Projects in the Lab

Dialects: When bilinguals speak, both fluent language systems become activated in parallel and exert an influence on speech production. As a consequence of maintaining separation between the two linguistic systems, bilinguals are purported to develop enhanced executive control functioning. Like bilinguals, individuals who speak two dialects must also maintain separation between two linguistic systems, albeit to a lesser degree. This line of research is dedicated to investigating parallels and differences between bilingual and bidialectal cognitive and linguistic processing.


Swinging Lexical Network: The investigation of semantic context effects has served as a valuable tool in investigating mechanisms of language production. Classic semantic interference effects from the picture-word interference, semantic blocking, and speech error elicitation paradigms have provided influential support for a competitive lexical selection mechanism. However, recent interest in semantic facilitation effects from non-categorical semantic relations has stimulated a discussion on whether or not context effects reflect competition during lexical selection. Together with my colleague Rasha Abdel Rahman, we have proposed a framework of lexical selection by competition that is sensitive to the activation of lexical cohorts. Support for our swinging lexical network hypothesis is drawn from a variety of 'unexpected' interference effects, for example from semantic associates. We suggest that by adopting the assumptions of our proposal we can parsimoniously account for a majority of the discussed semantic facilitation and interference.

Sentence Production: When formulating sentences, speakers often reuse the constituent structure of recently encountered sentences, the so-called structural persistence effect.
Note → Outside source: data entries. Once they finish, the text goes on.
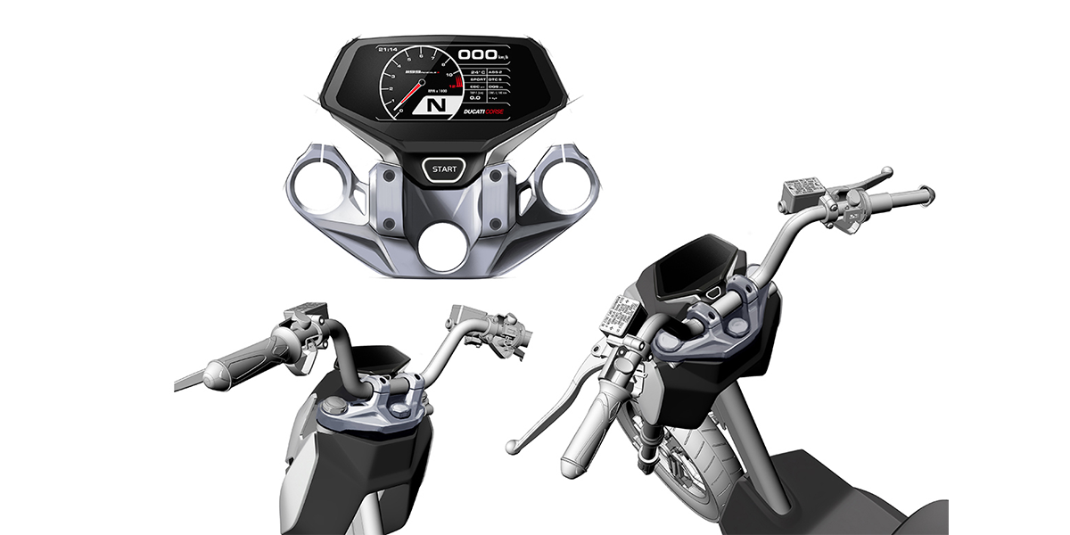 在概念設計方案的基礎之上,對其中的智酷極客方案進行了深入的分析和再設計。保留車身前臉的幾何形切割方案,對車座部位進行稍許修整,并保證面與面之間的每一個過渡都是有棱角的,從而使得車身更加鋒利并且充滿動感。在符合人機的基礎上將車尾稍稍凸起,呈現出快速和運動的節奏,從而使得這款電動車與 80 和 90 后目標人群的需求相符合。
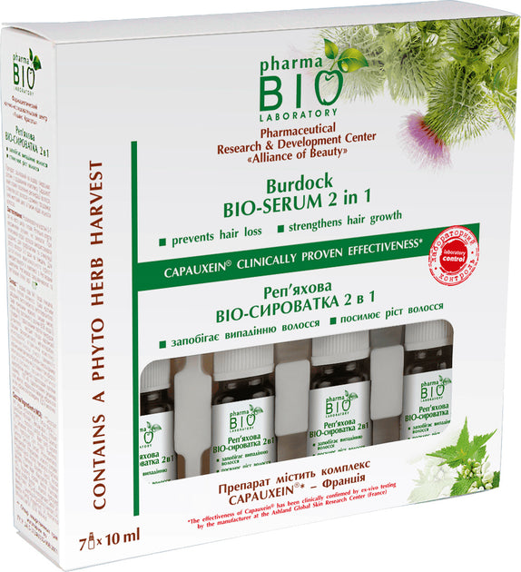 Pharma Bio Laboratory Burdock Serum 2-in-1 Against Hair Loss, 7 × 10 ml (Pharma Bio Laboratory репейная сыворотка 2-в-1 против выпадения волос, 7 × 10 мл)
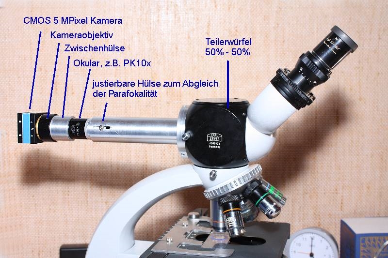 das habe ich (und andere) auch schon mit einem Monoschrägtubus oder wahlweise Geradtubus (weniger Glasflächen) so gemacht. Wird nur kritisch bei lichtverschluckenden Anwendungen (hohe Vergrößerungen/Pol etc.) wegen der 50%igen Lichtausbeute.
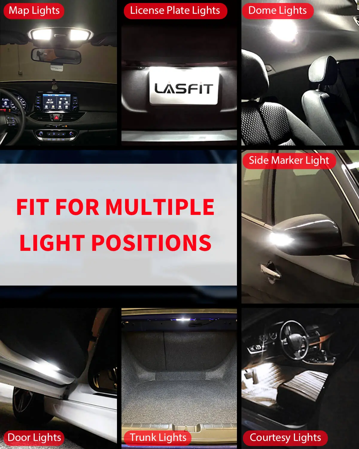 LASFIT offers you the different choices of the high-performance 6000K bright white light or cool blue, ice blue, amber yellow, red, green, purple, etc for a more stylish auto interior light bulbs. Extremely bright light will help you see more clearly around the trunk, the glove box, and inside the car.
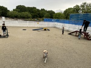 ワンちゃん用の遊具もいくつかあります。わんこのあずきは解き放たれるととてもうれしそうでした。
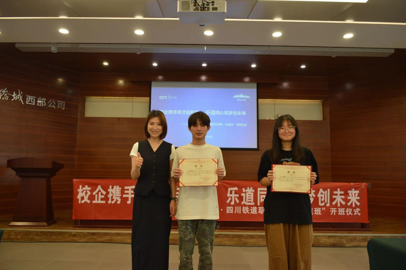 在现场热烈的氛围中,成都欢乐谷游客服务部总监耿小丽为 “乐道” 班班长颁发聘书。新任班长刘语君同学进行表态发言,承诺将带领班级同学积极投入实践学习,不负学院与企业的期望。随后,校企双方代表为 “乐道” 班实践教学基地、人才培养基地揭牌。仪式结束后,“乐道” 班全体学员参与了首次企业文化课程学习,实地参观园区并开展岗位体验活动,沉浸式感受成都欢乐谷的运营模式与工作氛围。
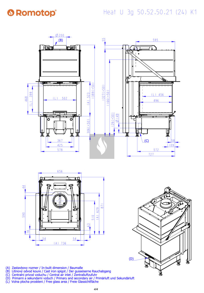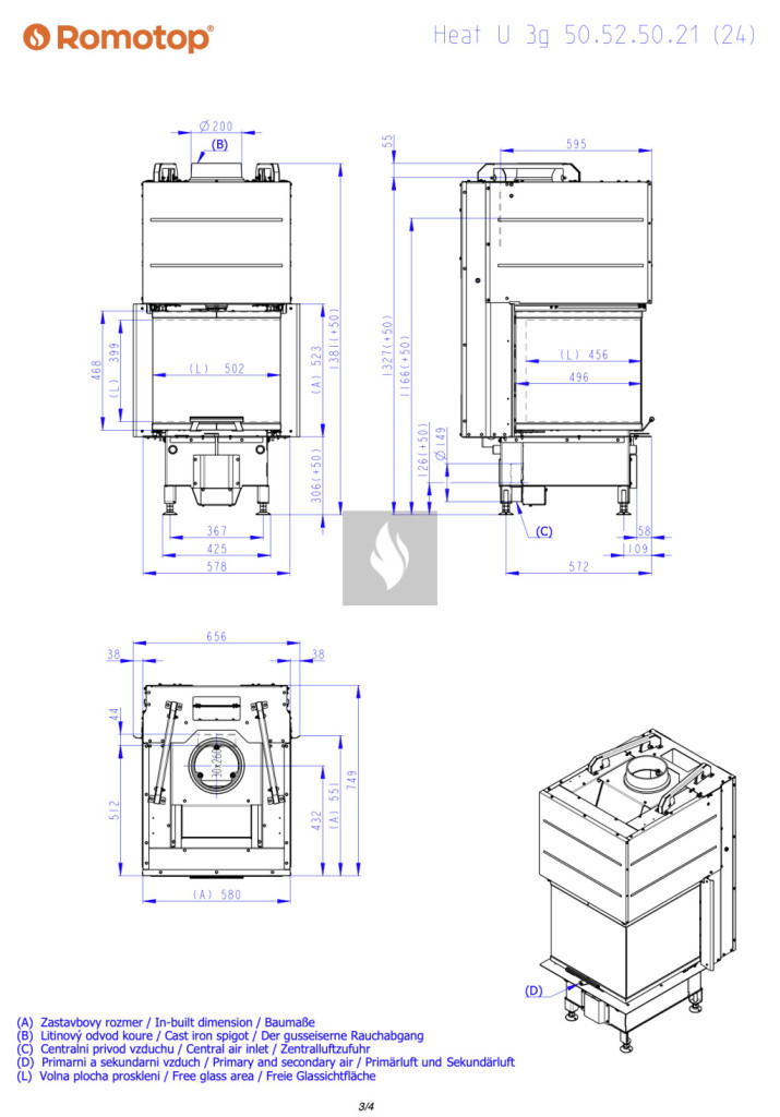 Romotop HEAT U 3G L 50.52.50.26 Légfűtéses kandallóbetét fekete béléssel
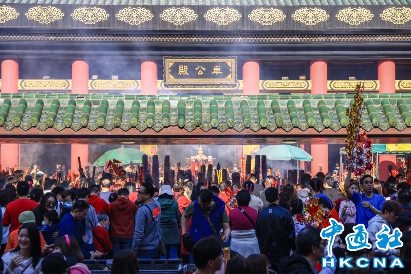 香港新聞網2月11日電 新年行大運,11日是大年初二,香港市民有到沙田車公廟參拜、求籤的習俗。從當天早上8時至中午12時,沙田車公廟錄得逾1.6萬人次入廟,廟內香火鼎盛。
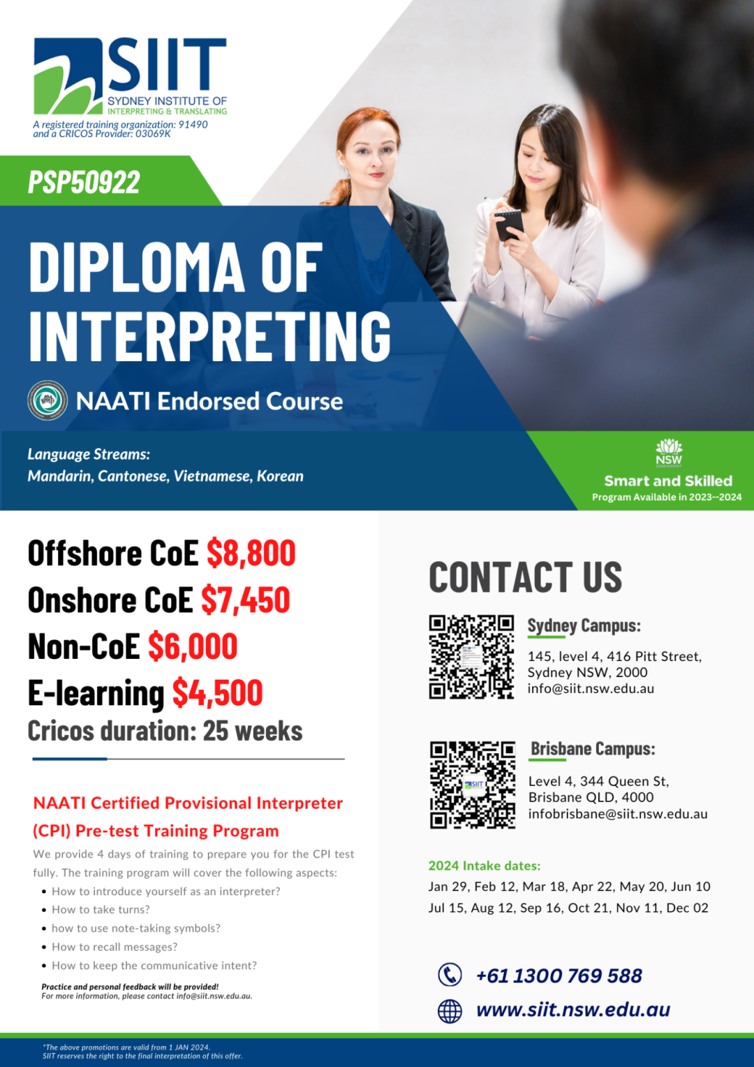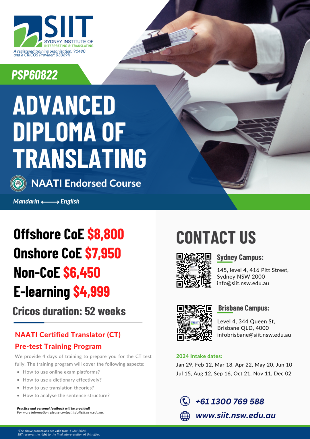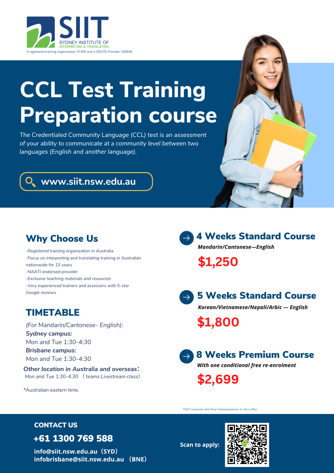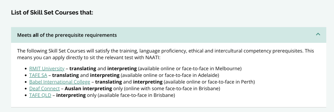 根据澳洲SEEK平台的数据,持有NAATI翻译资格的翻译人员通常可以获得相对较高的薪资。具体的薪资水平取决于工作地点、行业和经验。 总的来说,拥有NAATI翻译资格证书对于移民澳大利亚和在澳大利亚就业都有着显著的好处。它不仅可以增加移民申请的成功机会,还可以让您在澳大利亚的翻译行业中脱颖而出,获得更好的工作机会和薪资待遇。同时,持有这一资格证书还代表着专业水准和行业认可度,使您在澳大利亚的职业发展更加稳固和可靠! ![]() 扫一扫了解更多... Tracy老师(SIIT布里斯班校区负责人) 深耕澳洲移民就业市场,带你一站式了解移民留学就业... 如何获得NAATI翻译证书 要获得NAATI(澳大利亚国家翻译与口译认证局)的翻译资格证书 需要完成NAATI Endorsed qualifications or 完成过translating and interpreting 学历课程(包括境外学历),同时通过NAATI 道德,文化和 跨文化能力测试。 ![]() 注意啦如果你没有翻译学历背景,是不能只通过“NAATI 道德,文化和 跨文化能力测试” 而获得考试资格。 但是,对于小语种澳洲没有Endorsed 学历课程的要求,学生需要通过NAATI 前置课程学习( RMIT和南澳 TAFE 有资格提供)+NAATI 道德,文化和 跨文化能力测试 才能报名NAATI 相应级别的考试 ![]() (目前可以提供前置课程的学校) 通常大家都会选择第一种方法,不仅免了道德、语言、文化的测试,还能帮助大家系统的学习,了解考试内容... 报考NAATI翻译证书 一旦确定符合资格要求,您可以准备参加NAATI的翻译认证考试。 NAATI为不同的翻译和口译资格证书提供了不同类别的考试,基础的可以分为三大类,小编也给大家整理了考试对应的课程,方便大家报考! 1. Diploma of Interpreting (口译文凭) Diploma of Interpreting课程对应的NAATI考试是 Certified Provisional Interpreters 这个考试主要评估候选人在口译方面的能力。 考试包括模拟真实场景的口译任务,例如在法庭、医院、会议等情境下的口译。 2. Advanced Diploma of Translating (高级翻译文凭) Advanced Diploma of Translating 对应的NAATI考试是 Certified Translators 这个考试主要评估候选人在翻译方面的能力。 考试要求候选人翻译各种主题和领域的文本,如法律、医学、商业、技术等。 3. Advanced Diploma of Interpreting (高级口译文凭) Advanced Diploma of Interpreting 对应的NAATI考试是 Certified Interpreters 这个考试同样主要评估候选人在口译方面的能力,但是会更深入和高级。 考试要求候选人在复杂和专业性的场景中进行口译,例如在法庭的诉讼中、医院的手术室中、高级会议等。 ![]() ![]() ![]() 左右滑动查看更多 ![]() 这些课程是为了帮助准备参加相应的NAATI考试,提高候选人在翻译和口译方面的能力和水平。如果您想获得口译资格,可以考虑参加 Diploma of Interpreting 或者 Advanced Diploma of Interpreting 课程,并准备相应的NAATI口译考试。如果您想获得笔译资格,可以参加 Advanced Diploma of Translating 课程,并准备相应的NAATI笔译考试。 ![]() 扫一扫了解更多... Tracy老师(SIIT布里斯班校区负责人) 深耕澳洲移民就业市场,带你一站式了解移民留学就业... 快速加分还有CCL 当然如果你的目标不在于成为翻译员,而是想通过翻译移民加分,这里还有一个更快的渠道那就是NAATI CCL语言能力测试! CCL考试的全称是NAATI 社区语言认证考试(Credentialed Community Language Test)。CCL作为向澳大利亚内政事务部(Department of Home Affairs)递交的移民加分签证申请系统的一部分,凡通过通过该考试即可获得5分移民加分。 ![]() 当然CCL和NAATI翻译资格证书还是有区别的,我也给大家做了一个表格方便大家选择现阶段适合自己的考试!

Results from this paradigm have been taken as evidence against strong lexical involvement in sentence production. Rather, some recent models of sentence production view the formulation process as an interaction between event structure and general syntactic constraints, rather than more subtle verb-specific constraints. My research aims at providing evidence for lexically-driven syntactic processes in production as well as uncovering the scope of the persistence phenomenon. Some recent findings show units smaller than the phrase can be primed, suggesting that priming does not strictly involve traditional subcategorization frames.

Gesture: When people speak, they often produce gestures that are temporally and semantically coordinated with the concurrent speech. However, rates of gesture production vary depending on the situation and the individual. Several factors have been shown to influence within-speaker variation including the degree to which the elicitation task taxes the working memory system. This suggests that the processing capacity of individuals might also influence gesture rates, underlying between-speaker differences. In my research I've looked both at the sources of between- and within-speaker gesture rate variation.

A quantitative analysis of semantic associations: Semantic associates, in contrast to category coordinates, have not captured the attention of production researchers. This has led some scholars to view semantic association effects, both in comprehension and production, an indexing lexical co-occurrence rather than semantic processing. To evaluate this assumption, I use corpora and statistical grammars developed by computational linguists to evaluate the co-occurrence claim. Together with Sabine Schulte im Walde (Stuttgart University), we have evaluated a) the types of semantic relations reflected by semantic associations, as supported by lexical ontologies, and b) the correlation between association strength and target-associate co-occurrence frequencies in corpora.